Vaz had turned back to the wheelchair he was disassembling before she was ready to continue. Finally, she said, “And why not a wormhole to another star?”

  Vaz stopped with a screw partially undone, evidently to think since about ten seconds passed. He said, “I thought about it, but the Venus-Earth experiment confirmed the hypothesis and matched my calculations, so it didn’t seem necessary. Also, because interstellar distances are huge, I’d have had to send the saucer very close to the sun to decrease the energy requirement. That would have required extensive modifications so the saucer could tolerate the heat.” He shrugged, “Essentially, I’d have had to build a new saucer with a much larger fusion plant and big mirrors to reflect away the incoming radiant energy.”

  “But Dad,” Tiona said plaintively, “you’d have opened a portal to another star!”

  He shrugged again, “I know. But once I’d proven it could be done, there didn’t really seem to be much point in actually doing it.”

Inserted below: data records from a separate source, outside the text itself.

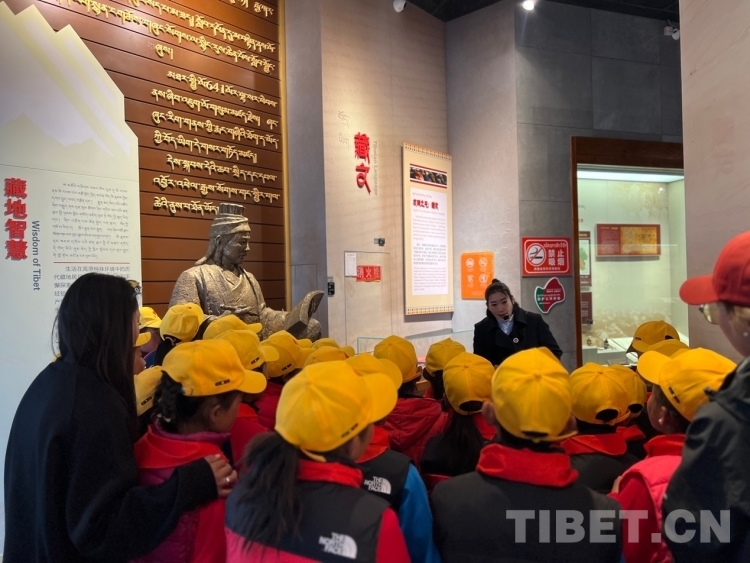 走進(jìn)“藏地智慧”,學(xué)生們一眼認(rèn)出藏文創(chuàng)始人吞彌·桑布扎,大家異口同聲回答講解員的問題說:“這是吞彌·桑布扎?!钡玫街v解員的肯定、并向他們講述背后的相關(guān)歷史后,學(xué)生們聽得很入迷,也更有信心面對接下來的問題。藏文的信息化使得這一古老文字煥發(fā)著全新而旺盛的生命力,在這里學(xué)生們欣賞藏文在智能手機(jī)、電腦、多功能點(diǎn)讀機(jī)等智能電子設(shè)備內(nèi)“走動(dòng)”、傳統(tǒng)農(nóng)牧業(yè)的模擬場景和現(xiàn)代化的機(jī)械設(shè)備圖、藏醫(yī)藥材、藏香藏紙制造和制鹽過程等獨(dú)具特色的藏族傳統(tǒng)手工藝,也能很好的回答講解員提出的問題,現(xiàn)場互動(dòng)氣氛熱烈。“這種活動(dòng)我們學(xué)校不會(huì)常有,當(dāng)孩子們聽到要去拉薩時(shí)像是要過年那樣高興,一路上問這問那地充滿好奇?!倍喟奏l(xiāng)小學(xué)的帶隊(duì)老師羅珍介紹:“這次參加活動(dòng)的這些學(xué)生都是三、四、五年級的學(xué)生,個(gè)個(gè)品學(xué)兼優(yōu)?!?/p>
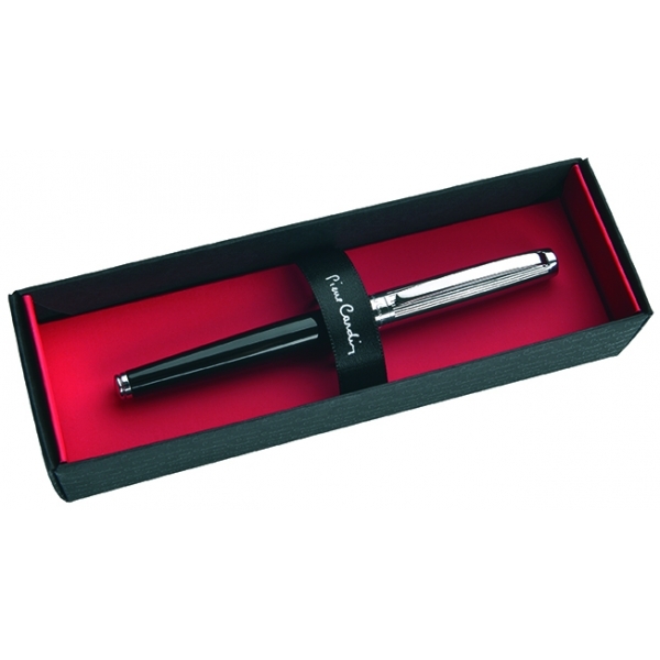 Metalowy długopis z czarnym, lakierowanym korpusem i srebrnymi elementami. Wyposażony w wysokiej jakości niebieski wkład z końcówką 1 mm. W zestawie z wkładem zapasowym piszącym na czarno. Zapakowany w eleganckie pudełko prezentowe z certyfikatem autentyczności Pierre Cardin.
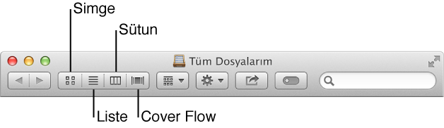 Menü çubuğundaki Görünüm menüsünü kullanarak dosyaların Finder pencerelerinde nasıl görüntüleneceğini değiştirebilirsiniz. Seçenekler simgeler, listede, sütunlarda veya galeride bulunur. Dört görünümün tümü de içeriği tür, tarih veya boyuta göre sıralamanıza izin verir.
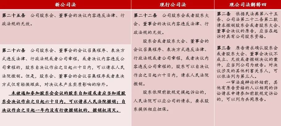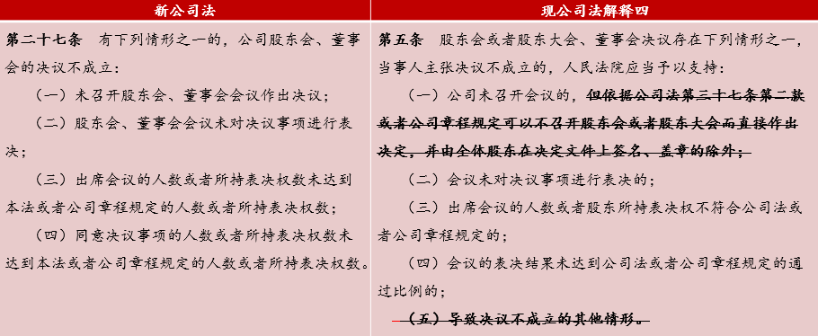 新公司法第27条,相比“现公司法解释四”第五条,删除了原来的第五项兜底性条款“导致决议不成立的其他情形”,明确列举了4种决议不成立的情形,这对于实务中解决到底是“决议撤销之诉”还是“决议不成立之诉”给出了明确的判断标准,有利于定纷止争。

  Holy Mother! Tiona thought, staggered by the implications. Not just the implications of a star portal, but what her father’s answer said about him and what he thought was important. “Let me think…” she trailed off, trying to come to grips with what it all meant.

  “Is it okay if I keep working on the wheelchair?” Vaz asked curiously.

  Tiona waved weakly, trying to hold distractions at bay, “Sure…”

  Vaz turned back to the wheelchair.

  Several minutes had passed before Tiona turned to her father feeling like her head had just broken the surface of the water. “Dad?”

  He stiffened momentarily, like he did sometimes when he was interrupted in the middle of something. Then he set the wheelchair back down from its tilted position and turned to her. “Yes?” he said, his eyes rising slightly, but not all the way to her face.

  “I should tell you more about these aliens, because I think you may be able to help in… understanding and dealing with them.”